Managing hyperparameters here for easier tuning of model. 

In [1]:
max_features = 10000 
maxlen = 500  
batch_size = 32
embedding_dim = 50
epochs = 10
lstm_units = 32
gru_units = 32
dropout_rate = 0.5
l1_reg = 0.01
l2_reg = 0.01
optimizer = 'adam' 

# Data

In [2]:
import tensorflow as tf
from tensorflow.keras.datasets import imdb
from tensorflow.keras.preprocessing import sequence

2024-04-03 12:20:23.697014: I tensorflow/core/util/port.cc:113] oneDNN custom operations are on. You may see slightly different numerical results due to floating-point round-off errors from different computation orders. To turn them off, set the environment variable `TF_ENABLE_ONEDNN_OPTS=0`.
2024-04-03 12:20:23.725320: I tensorflow/core/platform/cpu_feature_guard.cc:210] This TensorFlow binary is optimized to use available CPU instructions in performance-critical operations.
To enable the following instructions: AVX2 AVX512F AVX512_VNNI AVX512_BF16 FMA, in other operations, rebuild TensorFlow with the appropriate compiler flags.


In [3]:
(x_train, y_train), (x_test, y_test) = imdb.load_data(num_words=max_features)

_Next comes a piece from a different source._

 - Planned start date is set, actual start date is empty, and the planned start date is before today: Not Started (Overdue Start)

x_train = sequence.pad_sequences(x_train, maxlen=maxlen)
x_test = sequence.pad_sequences(x_test, maxlen=maxlen)

x_val = x_train[:10000]
y_val = y_train[:10000]
x_train_part = x_train[10000:]
y_train_part = y_train[10000:]

In [4]:
print(tf.__version__)

2.16.1


# Build Models

In [5]:
from tensorflow.keras.models import Sequential
from tensorflow.keras.layers import Embedding, LSTM, GRU, Dense, Dropout
from tensorflow.keras.regularizers import l1_l2

## LSTM

In [6]:
def build_lstm_model():
    model = Sequential()
    model.add(Embedding(max_features, embedding_dim, input_shape=(maxlen, )))
    model.add(LSTM(lstm_units, dropout=dropout_rate, recurrent_dropout=dropout_rate,
                   kernel_regularizer=l1_l2(l1=l1_reg, l2=l2_reg)))
    model.add(Dense(1, activation='sigmoid'))
    return model

In [7]:
lstm_model = build_lstm_model()
lstm_model.compile(optimizer=optimizer, loss='binary_crossentropy', metrics=['accuracy'])

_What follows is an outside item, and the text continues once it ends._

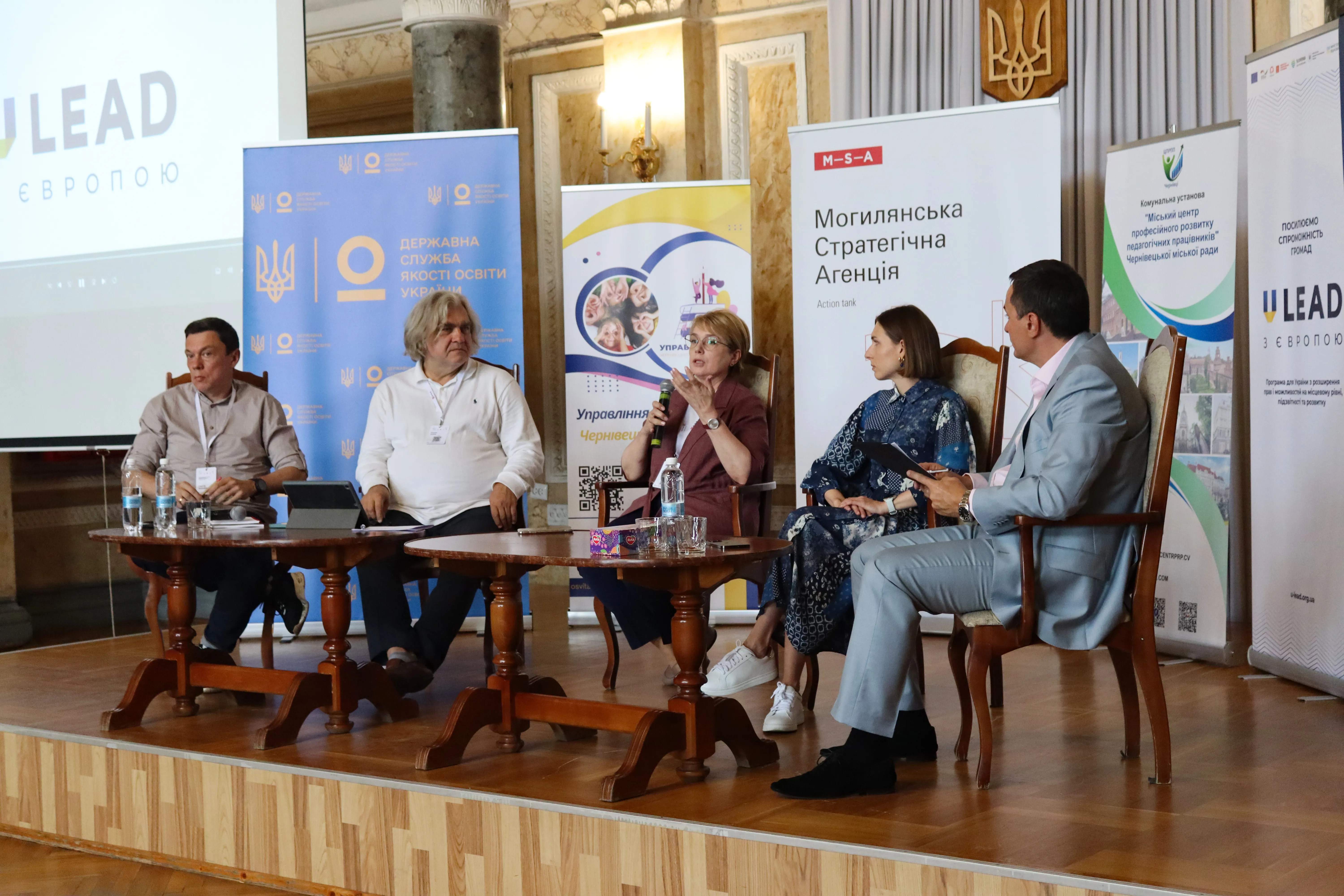 Наступним етапом роботи стала панельна дискусія «Як освіта може формувати цінності та чесноти, притаманні цілісній (доброчесній) особистості» модератором якої був Руслан Гурак, голова Державної служби якості освіти України, кандидат юридичних наук, випускник програми «Школа стратегічного архітектора» kmbs. У першій дискусії взяли участь:

  super().__init__(**kwargs)
2024-04-03 12:20:29.038600: I external/local_xla/xla/stream_executor/cuda/cuda_executor.cc:998] successful NUMA node read from SysFS had negative value (-1), but there must be at least one NUMA node, so returning NUMA node zero. See more at https://github.com/torvalds/linux/blob/v6.0/Documentation/ABI/testing/sysfs-bus-pci#L344-L355
2024-04-03 12:20:29.041723: W tensorflow/core/common_runtime/gpu/gpu_device.cc:2251] Cannot dlopen some GPU libraries. Please make sure the missing libraries mentioned above are installed properly if you would like to use GPU. Follow the guide at https://www.tensorflow.org/install/gpu for how to download and setup the required libraries for your platform.
Skipping registering GPU devices...


## GRU

In [8]:
def build_gru_model():
    model = Sequential()
    model.add(Embedding(max_features, embedding_dim, input_shape=(maxlen,)))
    model.add(GRU(gru_units, dropout=dropout_rate, recurrent_dropout=dropout_rate,
                  kernel_regularizer=l1_l2(l1=l1_reg, l2=l2_reg)))
    model.add(Dense(1, activation='sigmoid'))
    return model

In [9]:
gru_model = build_gru_model()
gru_model.compile(optimizer=optimizer, loss='binary_crossentropy', metrics=['accuracy'])

# Early Stopping

In [10]:
from tensorflow.keras.callbacks import EarlyStopping

early_stopping = EarlyStopping(monitor='val_loss', patience=2, verbose=1, mode='min', restore_best_weights=True)

Quick check to make sure tf is using gpu

In [11]:
#print tensorflow version
print(tf.__version__)

2.16.1


In [12]:
import tensorflow as tf

physical_devices = tf.config.list_physical_devices('GPU')
if len(physical_devices) > 0:
    print(f"Num GPUs Available: {len(physical_devices)}")
    for device in physical_devices:
        print(device)
else:
    print("Not found any GPU. Falling back to CPU.")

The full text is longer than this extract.